**DESCRIPTION OF THE TASK**
Reproduce word for word every line from the one containing "Gold has not" through the end of the listing below; omit the pictures.

**THE DATA**
Start of Block

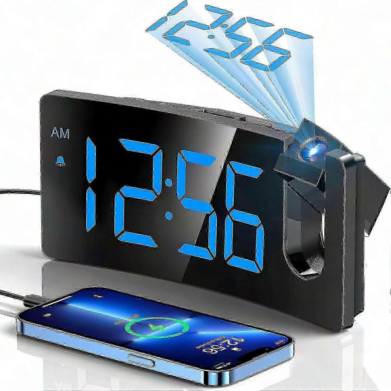 Display Type:DigitalStyle:Modern/Stylish/MinimalistSpecial Feature:Built-in Button Battery, Curved Screen, Integrated Design, Progressive Volume, Super Clear ProjectionProduct Dimensions:6.9"W x 3.15"HPower Source:Corded ElectricAge Range ():Suitable for all agesRoom Type:Kitchen, Bedroom, Living Room, Home Office, Kid's RoomShape:Rectangular, Curved ScreenIndoor/Outdoor Usage:IndoorMaterial:Polycarbonate (PC), Acrylonitrile Butadiene Styrene (ABS)Theme:Reading the time on your alarm clock when you first wake up isnt the easiest, which is why projection clocks are a time saver. This digital clock displays the time on your ceiling or wall large enough so you can read it, even without your glasses on. You dont have to squint at a small clock display, and you may not even need to roll over in bed to see what time it is., Gift, Rome Decor, Valentine's DayFrame Material:ABS/PCAre Batteries Included:NoMounting Type:TabletopAlarm Clock:YesNumber of Items:1Operation Mode:ElectricalItem Weight:10.5 ouncesAbout this item INTEGRATED PROJECTOR WITH A SHARP AND CLEAR IMAGE -- The arm of this digital clock swivels 180 degrees for optimum positioning, getting the fine and smooth time figure image on the wall or ceiling at the appropriate distance of 1.64-11.4ft(0.5-3m). The edges of the projected numerals are surprisingly sharp and clear without having to fiddle with a focus adjustment offered on some other projection clocks. LARGE LED DISPLAY & 3 BRIGHTNESS LEVELS -- The curved screen with 3.4*1.7inch large digits is easy to read in the dark, even when you are not quite awake or without your glasses. With 3 adjustable levels, you can dial down it to a level that is readable in the daytime but unobtrusive at night. It allows you to separately adjust the brightness of the face display and the projection display. CHARGE USB PORT AND MICRO USB CABLE -- This digital alarm clock includes a 5V/1A USB output interface that will allow you to still charge your phone or other mobile devices while the clock occupies an outlet, very good for phone battery health. ALARM WITH PROGRESSIVE BUZZER VOLUME -- This particular clock for bedroom comes with a progressive buzzer volume(75dB), the sound will get louder and faster, which is friendly for heavy sleepers who won't get used to the sudden loud sound. And pressing the big SNOOZE button at the top, you can get extra precious 9 minutes of sleep till the next loop of this alarm. BIG BUTTONS & EASY TO USE -- This digital clock has large control buttons which are conveniently lined up along the top of the case and are clearly marked with easily understood icons. Therefore, it is easier to reach and use without changing all the other settings. Friendly to operate for kids, seniors or the elder. BUILT-IN BACKUP BATTERY -- The package contains an AC adapter(AC100-240V,50/60Hz) to power the digital clock. When the power is off unexpectedly, the button cell battery(CR2032) built into the bedside clock can automatically save time & alarm settings (the time is not displayed and the alarm won't go off), no need to reset it again when the power is on. STYLISH AND UNIQUE CURVED DESIGN -- A curved screen mimics your eyes curvature for a more comfortable viewing experience and also can improve your health, too. Research Gate reports that a Harvard Medical School study found curved screens are better at reducing eyestrain and blurred vision and improving focus compared to regular screens. A GIFT FOR ANY OCCASION -- This digital clock is a great choice to show your care, and an unusual idea to surprise. A perfect gift for everyone, no matter for old or young, men or women, boy or girl. Also suitable for any festival like birthdays, Christmas, New Year's Day, Thanksgiving Day, Valentines Day, Father's Day, Mother's Day, etc.
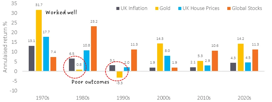 Gold has not been a particularly strong performer relative to global stocks over the past 50 years, despite its rip-roaring start to the 1970s. After the effects of inflation, £1 turned into £7 of purchasing power for gold, £3 for UK house prices and £16 for global stocks. It would have been painful to remove global stocks from a portfolio to make way for gold. In addition, the gold price was quite a bit more volatile than that of global stock markets, by about a quarter in fact.
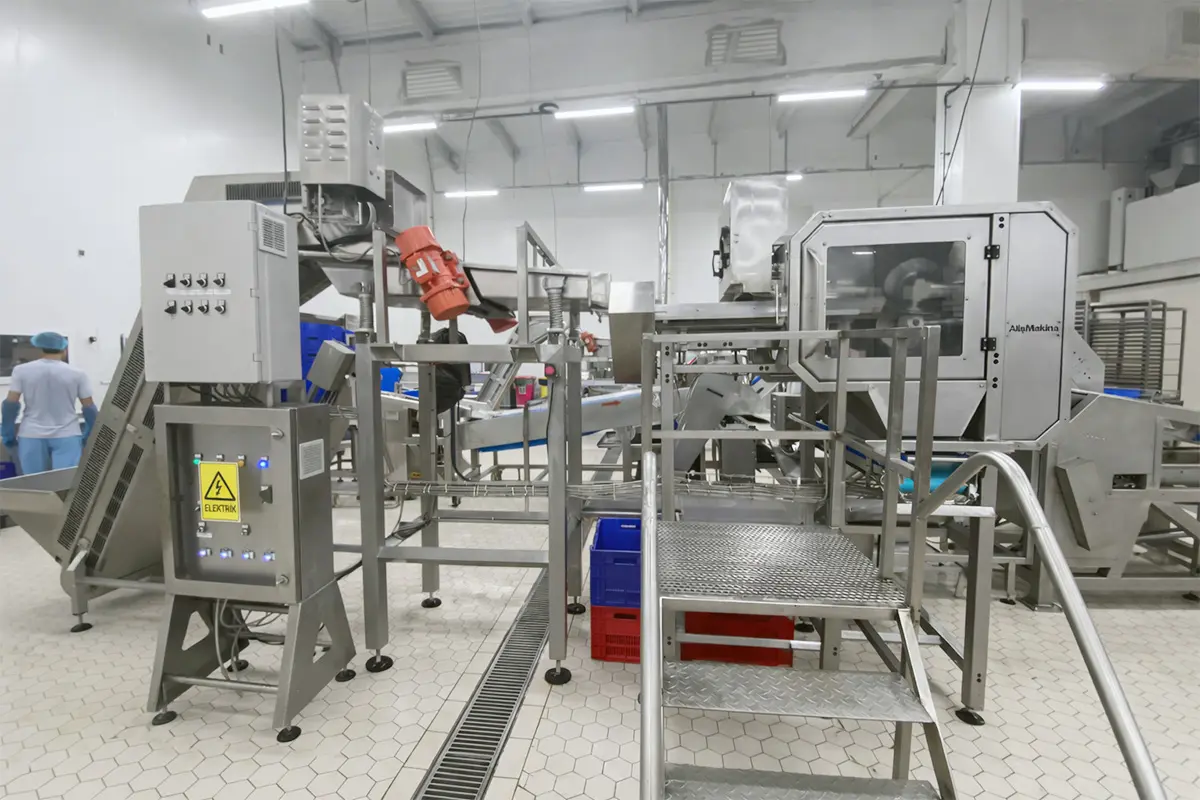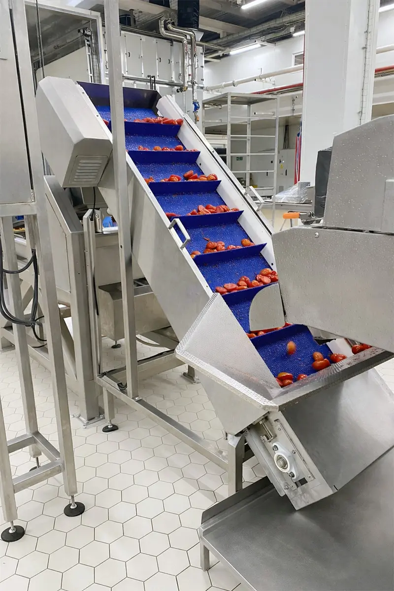 The system separates and organizes products through a vibrating unit located at the outlet of the cutting-slicing machine. The modular belt conveyor transports products in an aligned manner and ensures stable process progression. The elevator manages height differences and safely transfers products to the feeding point of the cup-up machine. This structure is designed to provide easy integration with existing lines.

End of Block

**SOLUTION TO THIS TASK**
 Gold has not been a particularly strong performer relative to global stocks over the past 50 years, despite its rip-roaring start to the 1970s. After the effects of inflation, £1 turned into £7 of purchasing power for gold, £3 for UK house prices and £16 for global stocks. It would have been painful to remove global stocks from a portfolio to make way for gold. In addition, the gold price was quite a bit more volatile than that of global stock markets, by about a quarter in fact.
 The system separates and organizes products through a vibrating unit located at the outlet of the cutting-slicing machine. The modular belt conveyor transports products in an aligned manner and ensures stable process progression. The elevator manages height differences and safely transfers products to the feeding point of the cup-up machine. This structure is designed to provide easy integration with existing lines.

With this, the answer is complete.